I could see a few possible things to evaluate/play with:

  1. find some truly global state (e.g. logged in user), and putting that in a redux toolkit slice setup
  2. find a non global bit of state that is used in multiple places and see how it works with one of these approaches (e.g. unread messages counter, photo credits)
  3. find some essentially local state (e.g. messages within a single message thread) and see if any of these approaches seem useful/applicable

... where it needs to also work with existing angular parts of the app is an interesting challenge too, initial thoughts on two different approaches would be:

  1. single new state location for both angular and react parts - expose it to angular via some shim/service/whatever
  2. have two state locations, existing angular stuff, plus new react location - update both when state changes

(I'm more partial to 1 here)

nicksellen avatar May 11 '20 10:05 nicksellen

opinionated way. We tended towards tools that take this approach (e.g. prettier), so maybe it's a good fit.

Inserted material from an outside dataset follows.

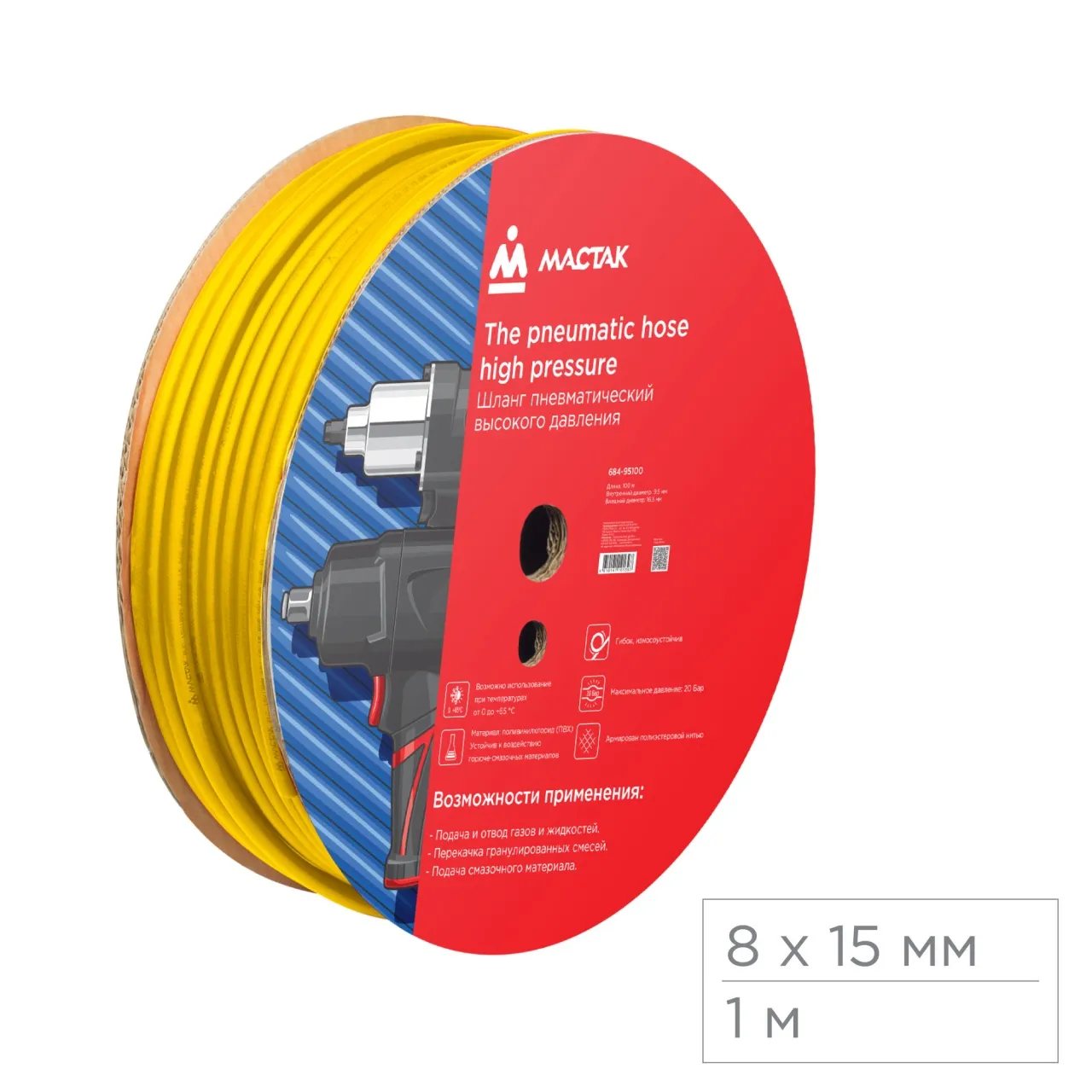 Шланг пневматический 8x15 мм, 1 м, ПВХ композитный, усиленный МАСТАК 685-08100 наличный и безналичный расчет

Choice to use Angular.js was partly due to this too, since the opinionated nature can take away the guesswork in volunteer projects where people come and go and experiences/learned patterns/opinions can differ quite a bit. It was always important to me to try stay as consistent as possible to make diving into huge codebase easier. Common vs exotic tooling is another aspect that makes things easier, which would bring us to Redux even if there's something "better" from absolute technical point of view.

simison avatar May 11 '20 10:05 simison

Convo from Slack about Recoil:

This went out: https://recoiljs.org/ Facebook's answer to state management

one part sigh (yet another new thing...), and https://github.com/facebookexperimental/Recoil says it's experimental. they have too many researchs to create churn imo, hard to keep up. having said that the premise sounds nice.

Just to check if I have my bearings, is this the same space that MobX is in?

exactly, @theo mentioned mobx on the github issue for this topic ---> https://github.com/Trustroots/trustroots/issues/1416#issuecomment-617131462 I never tried it myself

Ah yeah, redux as well

simison avatar May 20 '20 16:05 simison

A couple more lightweight solutions that might be more fitting for us compared to full blown Redux setup:

https://github.com/tannerlinsley/react-query https://github.com/pmndrs/zustand

simison avatar Jan 16 '21 12:01 simison

I've recently done more work with React Query and pretty convinced it's best solution for us.

It can be much like what we have now with simple Fetch/Axios, but with additional features like continuous polling, caching, pagination, etc. It's very simple, and very intuitive to use, yet offers just enough bells and whistles over basic fetch implementations. No monolithic global state, which is what I probably like the most about it. :-)

simison avatar Oct 19 '21 13:10 simison

My vote would be to use the React Context API directly. It's what Unstated uses under the hood, but you can roll it yourself and get much cleaner usage in your components than you can with unstated. I say this having switched from Unstated.

An example provider from a project of mine is this User provider, which you can put at the top-level of a relevant route.

<WithUser>
  <MySubTree/>
</WithUser>

Then within any child component, you can snag whatever properties you want using useContext(). e.g. this other component where it grabs the logged-in user

I think this being a core API of React is a strong argument for using it to manage shared state. In some sense it's the official answer to the question from the React team.

Because each of these provider components is just a component you can add whatever other features you want, and expose whatever other variables you want, whether that's errors, loading states, more related data, etc.